Skimpflation means a lower quality of a good for the same price,” he said. For example, in the UK, Waitrose Butter Chicken Curry fell from 47 per cent chicken to 41 per cent. Greedflation means that retailers and manufacturers raise their prices more than their costs have risen, thereby achieving excess profit margins. “During the recent spike in inflation, many Australian companies such as banks, insurers, airlines and telecoms were among those who were accused of this type of price gouging,” said Professor van Heerde. “The government recently directed the Australian Competition and Consumer Commission (ACCC) to investigate pricing and competition in the supermarket sector to ensure Australians are paying a fair price for groceries.”

Next steps for a research agenda

Professor van Heerde said more research is needed to study how highly emotive trends such as shrinkflation, skimpflation and greedflation affect consumer purchase behaviour and attitudes towards retailers. “If you read the fierce social and traditional media discussions, many consumers are outraged and call for boycotts because of greedy and unethical retailer and manufacturer practices. But do consumers really walk the talk and switch retailers, or do they just swallow the bitter pill? There is a lot of new research needed to address this question,” he said.

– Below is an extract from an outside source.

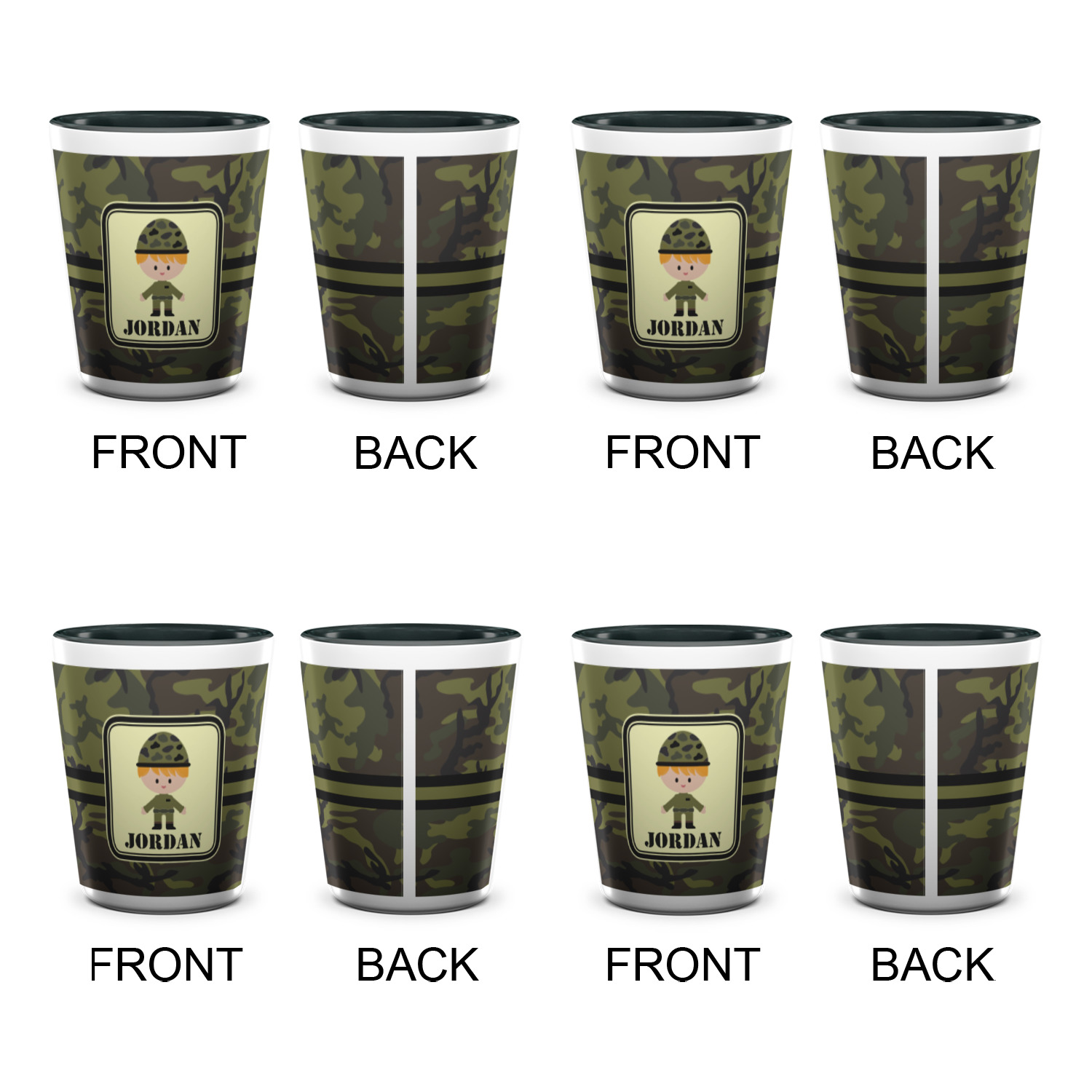 Made from ceramic these shot glasses are printed in full color with the design of your choice. These are a standard 1.5oz size and stand 2.25" tall. Available in a full white ceramic or a two-tone with a black color inside the shot glass. Buy a single or a set of 4, all of which can be designed separately to get you just what you want and need.

To this end, Professor van Heerde is supervising a PhD student (Ada Choi) who is studying how micro-inflation affects consumer purchase behaviour. This research will test its new theories by capitalising on the current inflationary environment that coincides with the era of big data, with many consumer purchase decisions being recorded automatically. Based on a collaboration with the Australian firm Raiz Invest, the research team has access to more than seven years of detailed (anonymised) spending data for hundreds of thousands of Australasians. Such data was not available the last time inflation reached double digits in the 1980s, and Professor van Heerde said this offers a unique opportunity to quantify the contribution of different forms of consumer behaviour and retailer strategies in response to inflation.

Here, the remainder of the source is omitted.